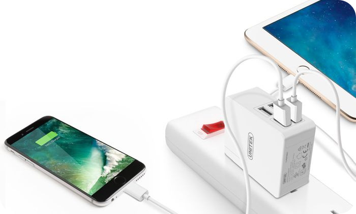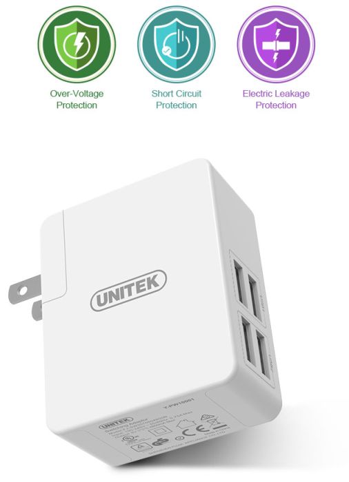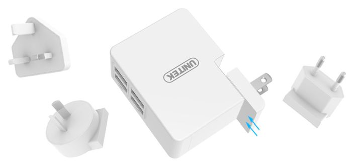 Unitek zadbał o bezpieczeństwo wyposażając ładowarkę w szereg zabezpieczeń: przed przeładowaniem, przed zwarciem i przed przegrzaniem. Możemy ją stosować do wszystkich urządzeń zasilanych z portu USB. Wymienne wtyczki wymienia się szybko i prosto.
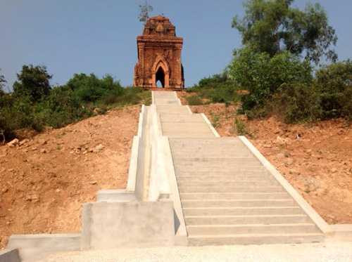 | Trùng tu tháp Bánh Ít như thể xây tường gạch bây giờ |
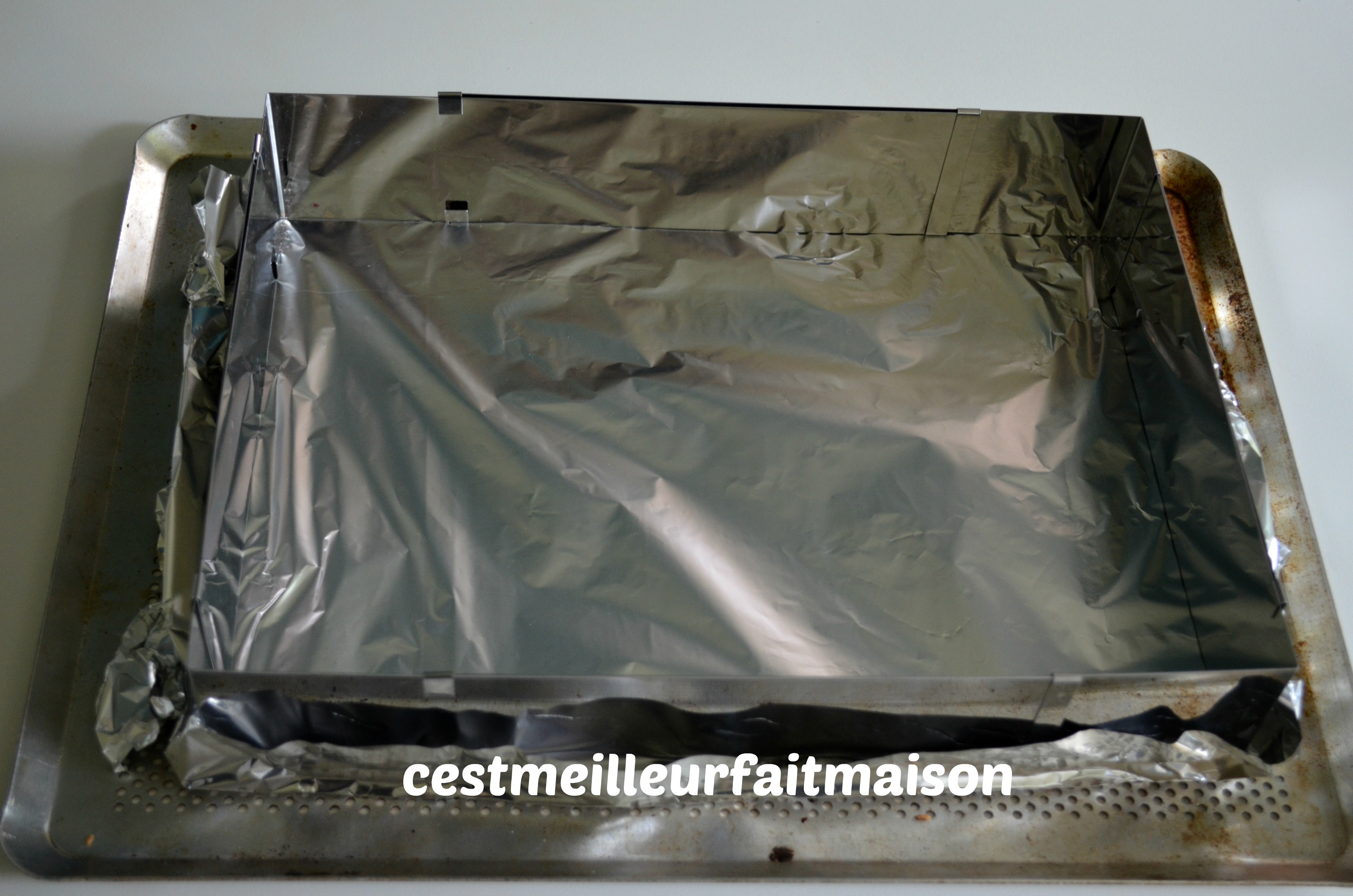 Préparer un cercle ou un cadre à gâteau. J’ai mis de l’aluminium en dessous pour éviter que la pâte coule sous le cercle ou le cadre.
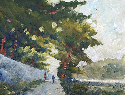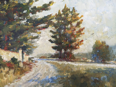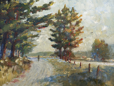 And just to put everything right, I repainted the road scene painting again to eliminate those clunky figures. I did, however, keep the fence line and the wall further back in the woods.
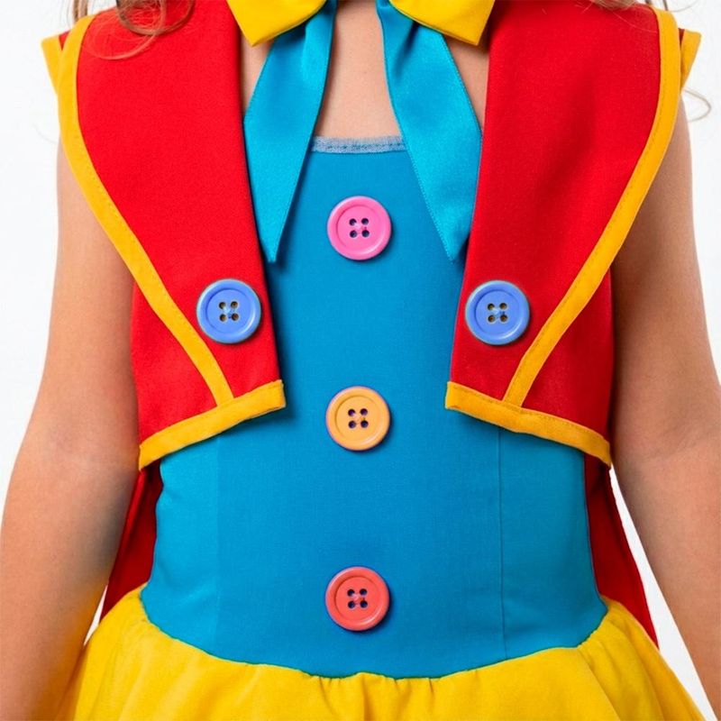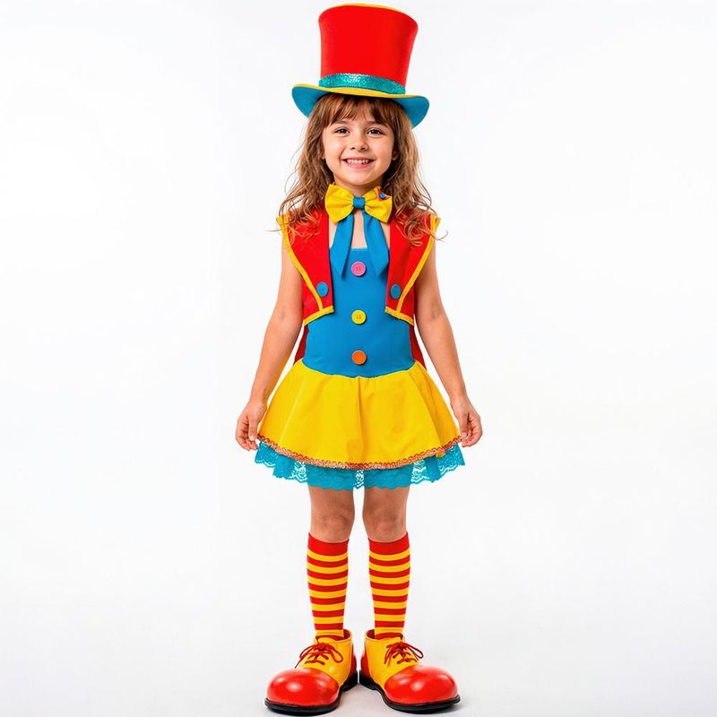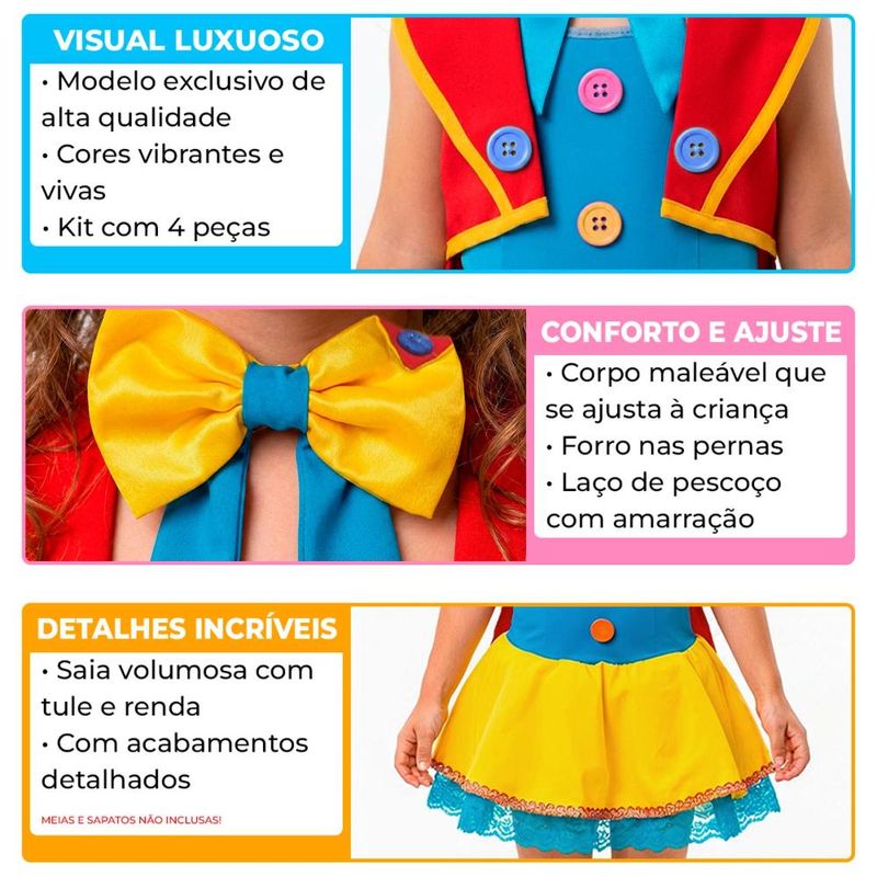 O espetáculo vai começar! Transforme sua pequena na estrela do picadeiro com a Fantasia Infantil de Palhacinha Luxo. Este modelo exclusivo é perfeito para festas com tema de circo, aniversários e apresentações escolares, trazendo cores vibrantes e um acabamento impecável que encanta a todos. O kit é composto por 4 peças essenciais que criam um visual completo e sofisticado. O vestido possui um corpo maleável que se ajusta confortavelmente à criança e uma saia com camada de tule e renda, garantindo um lindo volume sem pesar. Pensando no bem-estar, a fantasia conta com forro nas pernas para não pinicar. O look se completa com um colete charmoso, um laço borboleta de amarrar e uma cartola grande e firme que dá o toque final de magia.Kit Completo Conforto Garantido Possui forro interno nas pernas Design de Luxo Saia volumosa com tule, acabamento em renda Ajuste Perfeito Laço de pescoço com amarração Atenção: Meias e sapatos não estão inclusos.
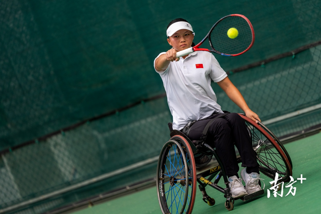 轮椅网球日常训练中,队员梁晓童从容接球。
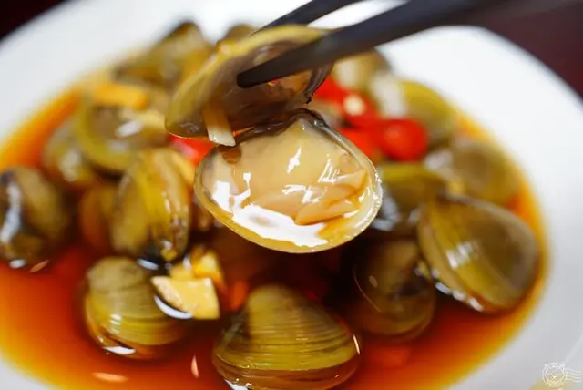 店家自己醃的鹹蜆仔,用熱水泡開的蜆仔肉很飽滿,沒有縮小小,吸收了鹹甘辣的醬油、蒜頭和辣椒湯汁。
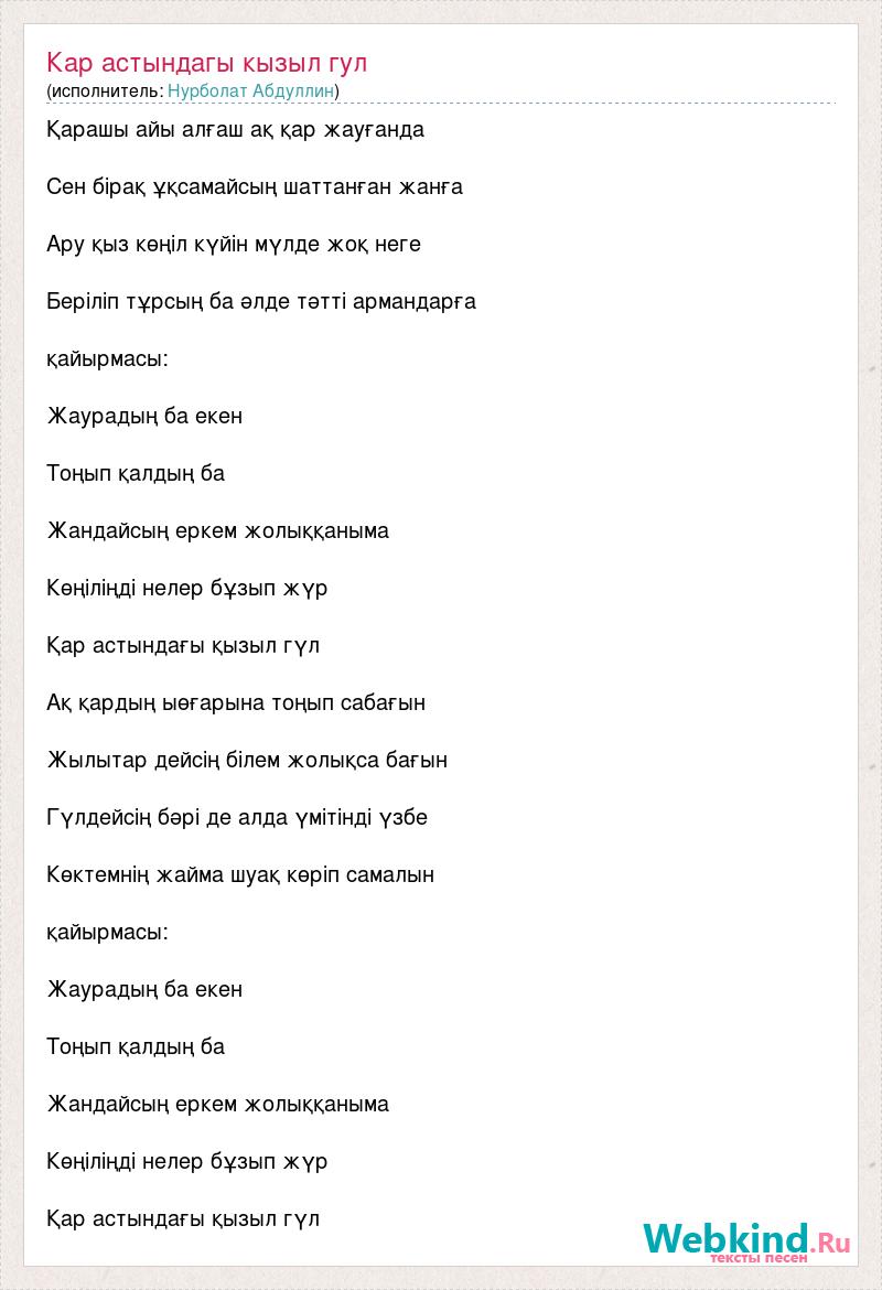 Қарашы айы алғаш ақ қар жауғанда Сен бірақ ұқсамайсың шаттанған жанға Ару қыз көңіл күйін мүлде жоқ неге Беріліп тұрсың ба әлде тәтті армандарға қайырмасы: Жаурадың ба екен Тоңып қалдың ба Жандайсың еркем жолыққаныма Көңіліңді нелер бұзып жүр Қар астындағы қызыл гүл Ақ қардың ыөғарына тоңып сабағын Жылытар дейсің білем жолықса бағын Гүлдейсің бәрі де алда үмітінді үзбе Көктемнің жайма шуақ көріп самалын қайырмасы: Жаурадың ба екен Тоңып қалдың ба Жандайсың еркем жолыққаныма Көңіліңді нелер бұзып жүр Қар астындағы қызыл гүл
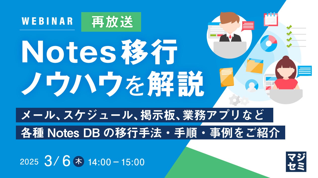 マジセミ株式会社は、大変好評をいただいた「Notes移行ノウハウを解説」というテーマのウェビナーを再放送します。
= = = = =
WORK TO BE COMPLETED:
From the top of the listing above, repeat each line exactly until you reach the line containing "店家自己醃的鹹蜆仔,用熱水泡", and repeat that one too. Leave the pictures out.

YOUR RESPONSE:
 Unitek zadbał o bezpieczeństwo wyposażając ładowarkę w szereg zabezpieczeń: przed przeładowaniem, przed zwarciem i przed przegrzaniem. Możemy ją stosować do wszystkich urządzeń zasilanych z portu USB. Wymienne wtyczki wymienia się szybko i prosto.
 | Trùng tu tháp Bánh Ít như thể xây tường gạch bây giờ |
 Préparer un cercle ou un cadre à gâteau. J’ai mis de l’aluminium en dessous pour éviter que la pâte coule sous le cercle ou le cadre.
 And just to put everything right, I repainted the road scene painting again to eliminate those clunky figures. I did, however, keep the fence line and the wall further back in the woods.
 O espetáculo vai começar! Transforme sua pequena na estrela do picadeiro com a Fantasia Infantil de Palhacinha Luxo. Este modelo exclusivo é perfeito para festas com tema de circo, aniversários e apresentações escolares, trazendo cores vibrantes e um acabamento impecável que encanta a todos. O kit é composto por 4 peças essenciais que criam um visual completo e sofisticado. O vestido possui um corpo maleável que se ajusta confortavelmente à criança e uma saia com camada de tule e renda, garantindo um lindo volume sem pesar. Pensando no bem-estar, a fantasia conta com forro nas pernas para não pinicar. O look se completa com um colete charmoso, um laço borboleta de amarrar e uma cartola grande e firme que dá o toque final de magia.Kit Completo Conforto Garantido Possui forro interno nas pernas Design de Luxo Saia volumosa com tule, acabamento em renda Ajuste Perfeito Laço de pescoço com amarração Atenção: Meias e sapatos não estão inclusos.
 轮椅网球日常训练中,队员梁晓童从容接球。
 店家自己醃的鹹蜆仔,用熱水泡開的蜆仔肉很飽滿,沒有縮小小,吸收了鹹甘辣的醬油、蒜頭和辣椒湯汁。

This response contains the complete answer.